▶ **WHAT TO DO**:
Below are the records to transcribe exactly; do not include any images.

------------------------

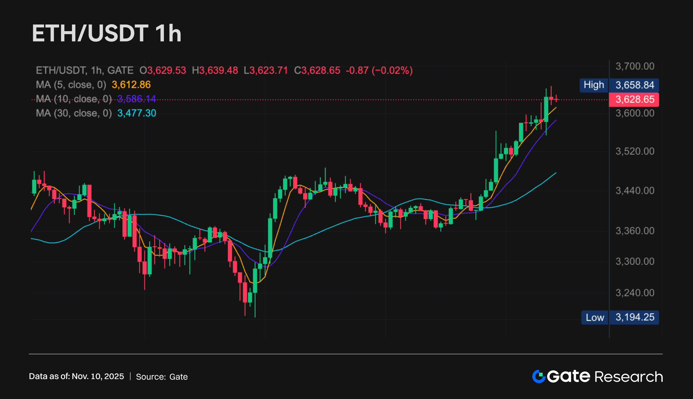 動向構造から見ると、ETHは3,480ドル付近でサポートを受けた後、新たな上昇モメンタムを開始し、一時的に段階的な高値である3,658ドルに達しました。短期的には高値で小幅な調整が見られ、これは健康的なテクニカル整理に該当します。もし価格が3,600ドル以上で安定して振動し、移動平均線のサポートが破られなければ、今後は3,680–3,700ドルの抵抗ゾーンを再度テストする可能性があります。もし3,580ドルを下回ると、3,520ドルでサポートを求める可能性があります。
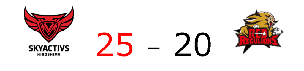 1月27日(土) 21-22と遠い1点で涙を呑んだ中国電力レッドレグリオンズとの”広島ダービー”第2戦、スカイアクティブズ広島のファミリー(SA広島のファンの皆さま、パートナーの皆さま、マツダ社員の皆さま、応援団の皆さま)の皆さんの熱い声援のおかげで、25-20で見事リベンジマッチを制しました。
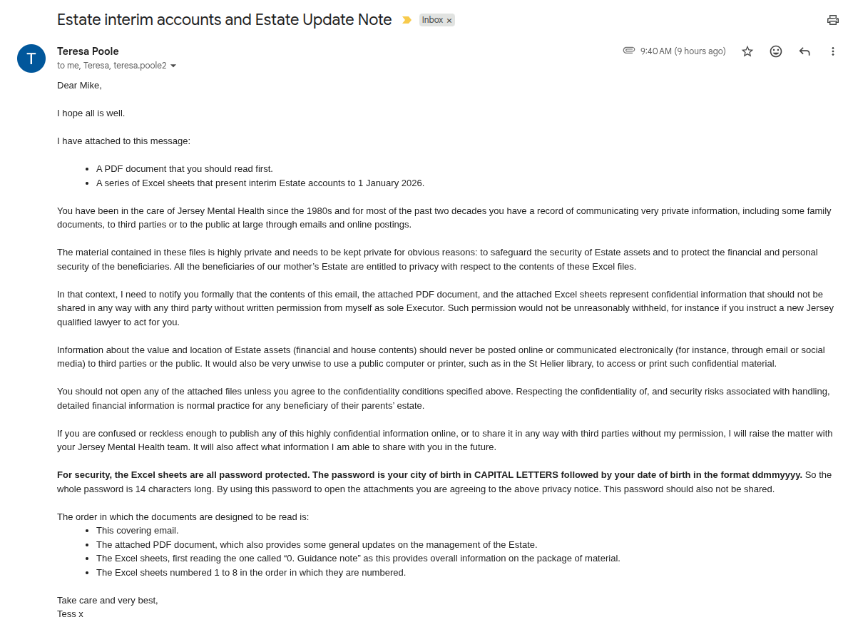 Viberts complied with my legal demand. Laundry is much harder for them now with the interim accounts. There were no interim or final accounts even over 3 years after the death either till the interims were provided.
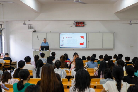 九江职院新闻网讯(经济管理学院 王嵘)6月7日下午,经济管理学院在濂溪校区科创楼A-101多媒体教室举办“扎根红土地,共绘新画卷”留赣就业创业专题讲座,邀请招生就业处副处长杨明主讲,该院大一年级113名学生代表现场聆听,其他同学通过线上方式参加。
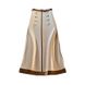 "Luksus damelys beige og cremefarvet elegant modesæt - broderet bluse med metalliske knapper + midi-nederdel i A-linje
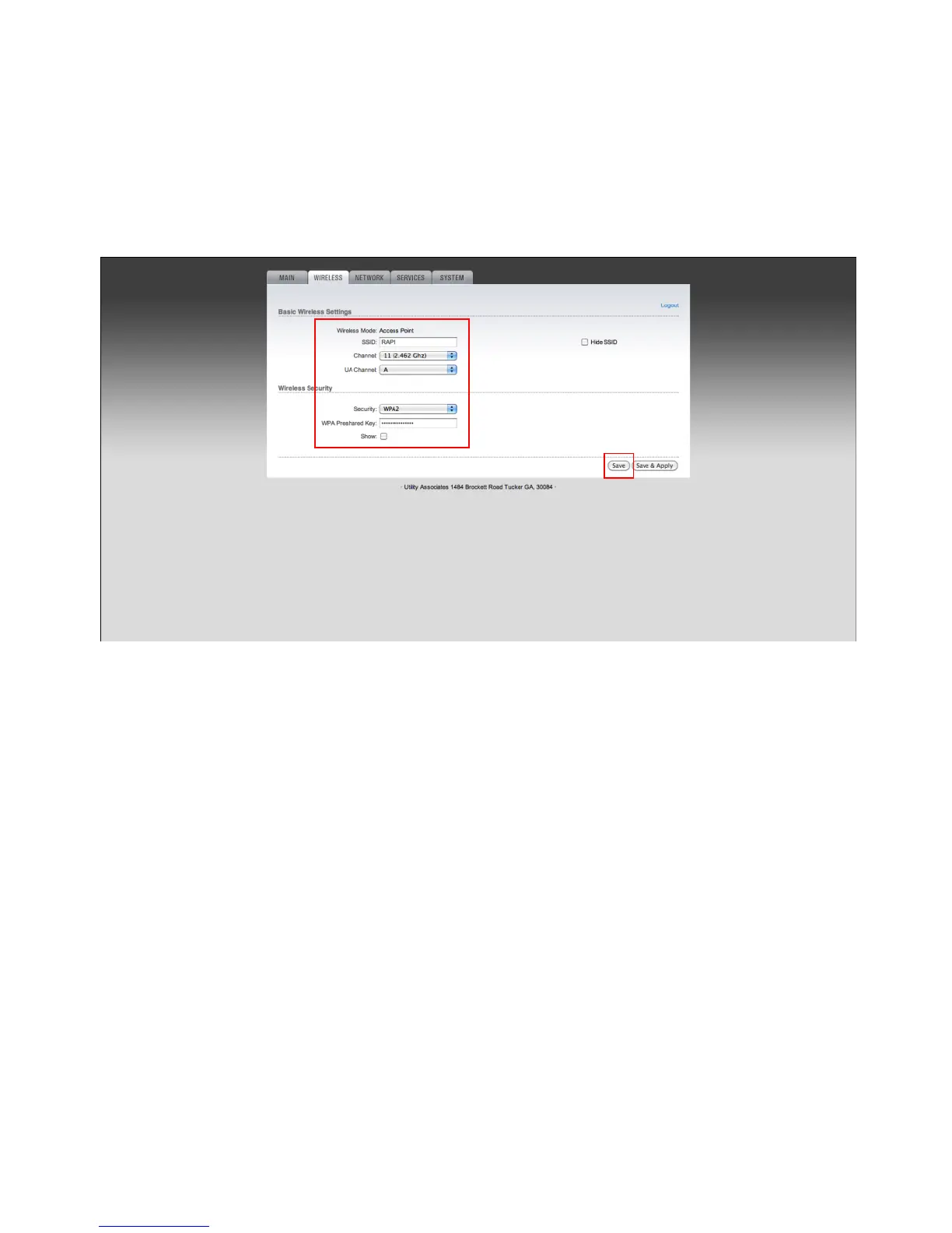 6. Choose your security settings option by selecting None/WPA/WPA2 from the Security field.
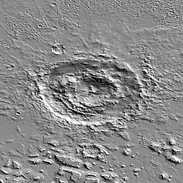Lyot crater, featuring a central peak in the middle, stands out on the flat plains of Vastitas Borealis, which is generally flat and smooth with few large craters.[2] Lyot is the deepest point in the northern hemisphere of Mars.[3] To the south are the Deuteronilus Mensae, and further to the southeast are Protonilus Mensae. To the west is the smaller Micoud crater, and to the east-southeast is Moreux crater.
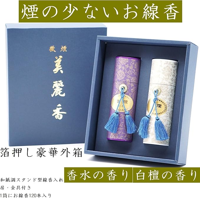 【美麗香二種香】お線香セット 煙の少ない微煙タイプ 白檀・香水の香り 包装・御供入り熨斗付き お盆・喪中・喪中御見舞・ギフト・進物・贈り物・贈答用線香【安心の国産 made in japan】 【創業文政三年永楽屋】
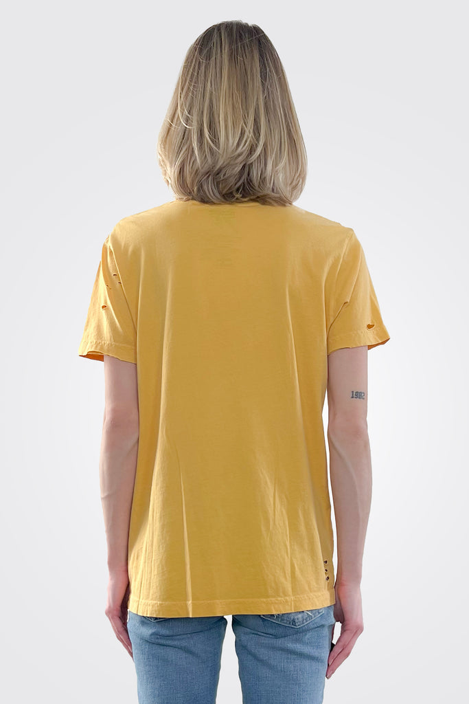 - 100% Cotton- Unisex Destroyed Cut T-Shirt, Pigment Sunset Gold Color, - Officially Licensed David Bowie Apparel
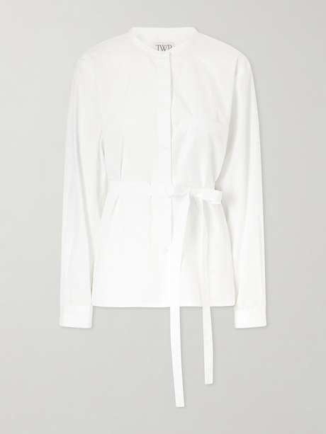 TWP's shirt reworks the classic white shirt with a tie detail. Crafted from cotton, it has a collarless neckline and a relaxed fit through the body. Style it loosely tucked into tailored pants for a clean, modern look.
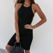 Simple Style Sleeveless Round Neck Solid Color Slim Fit Tank Dress
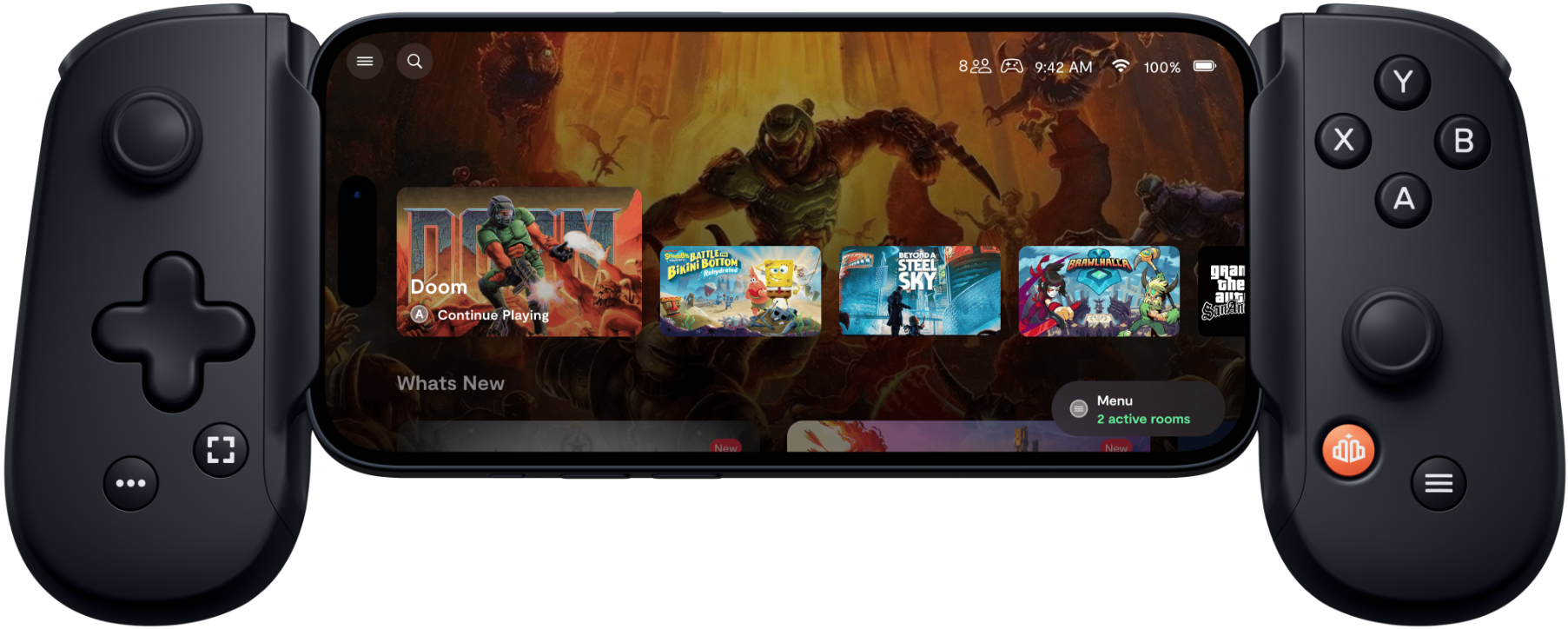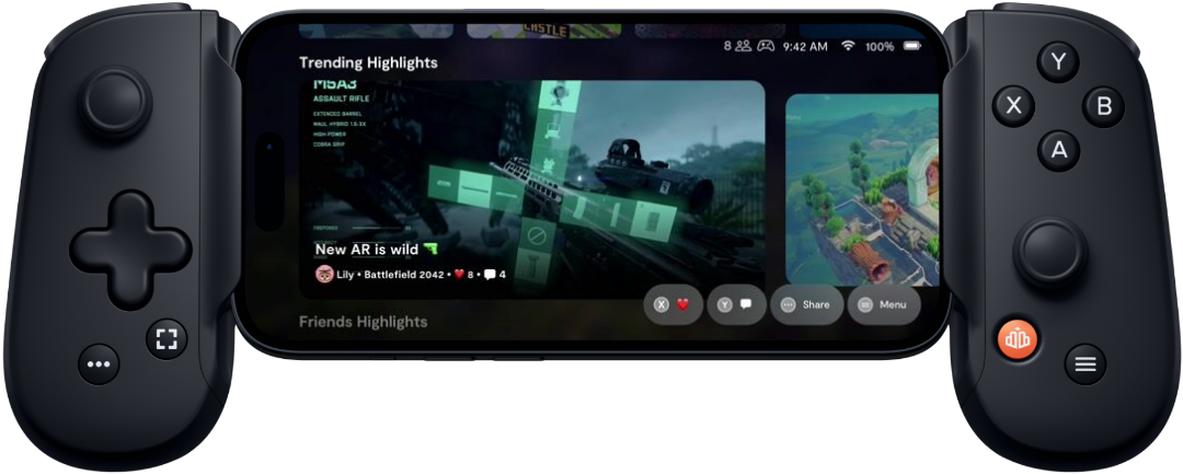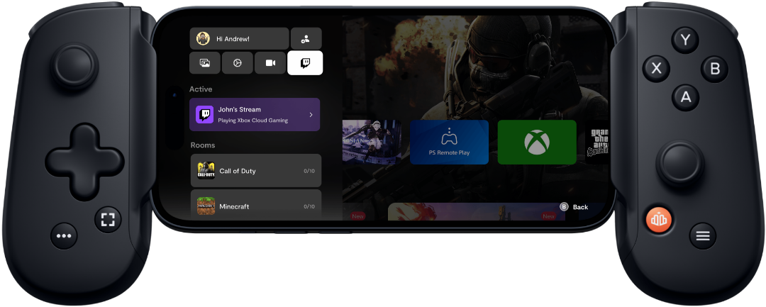 Просто вставьте телефон в геймпад Backbone One Controller, откройте приложение Backbone App, и начните играть в любимые игры не только для телефона а еще и для консолей или ПК где бы вы не были.

------------------------

▶ **EXERCISE OUTPUT**:
 動向構造から見ると、ETHは3,480ドル付近でサポートを受けた後、新たな上昇モメンタムを開始し、一時的に段階的な高値である3,658ドルに達しました。短期的には高値で小幅な調整が見られ、これは健康的なテクニカル整理に該当します。もし価格が3,600ドル以上で安定して振動し、移動平均線のサポートが破られなければ、今後は3,680–3,700ドルの抵抗ゾーンを再度テストする可能性があります。もし3,580ドルを下回ると、3,520ドルでサポートを求める可能性があります。
 1月27日(土) 21-22と遠い1点で涙を呑んだ中国電力レッドレグリオンズとの”広島ダービー”第2戦、スカイアクティブズ広島のファミリー(SA広島のファンの皆さま、パートナーの皆さま、マツダ社員の皆さま、応援団の皆さま)の皆さんの熱い声援のおかげで、25-20で見事リベンジマッチを制しました。
 Viberts complied with my legal demand. Laundry is much harder for them now with the interim accounts. There were no interim or final accounts even over 3 years after the death either till the interims were provided.
 九江职院新闻网讯(经济管理学院 王嵘)6月7日下午,经济管理学院在濂溪校区科创楼A-101多媒体教室举办“扎根红土地,共绘新画卷”留赣就业创业专题讲座,邀请招生就业处副处长杨明主讲,该院大一年级113名学生代表现场聆听,其他同学通过线上方式参加。
 "Luksus damelys beige og cremefarvet elegant modesæt - broderet bluse med metalliske knapper + midi-nederdel i A-linje
 6. Choose your security settings option by selecting None/WPA/WPA2 from the Security field.
Lyot crater, featuring a central peak in the middle, stands out on the flat plains of Vastitas Borealis, which is generally flat and smooth with few large craters.[2] Lyot is the deepest point in the northern hemisphere of Mars.[3] To the south are the Deuteronilus Mensae, and further to the southeast are Protonilus Mensae. To the west is the smaller Micoud crater, and to the east-southeast is Moreux crater.
 【美麗香二種香】お線香セット 煙の少ない微煙タイプ 白檀・香水の香り 包装・御供入り熨斗付き お盆・喪中・喪中御見舞・ギフト・進物・贈り物・贈答用線香【安心の国産 made in japan】 【創業文政三年永楽屋】
 - 100% Cotton- Unisex Destroyed Cut T-Shirt, Pigment Sunset Gold Color, - Officially Licensed David Bowie Apparel
 TWP's shirt reworks the classic white shirt with a tie detail. Crafted from cotton, it has a collarless neckline and a relaxed fit through the body. Style it loosely tucked into tailored pants for a clean, modern look.
 Simple Style Sleeveless Round Neck Solid Color Slim Fit Tank Dress
 Просто вставьте телефон в геймпад Backbone One Controller, откройте приложение Backbone App, и начните играть в любимые игры не только для телефона а еще и для консолей или ПК где бы вы не были.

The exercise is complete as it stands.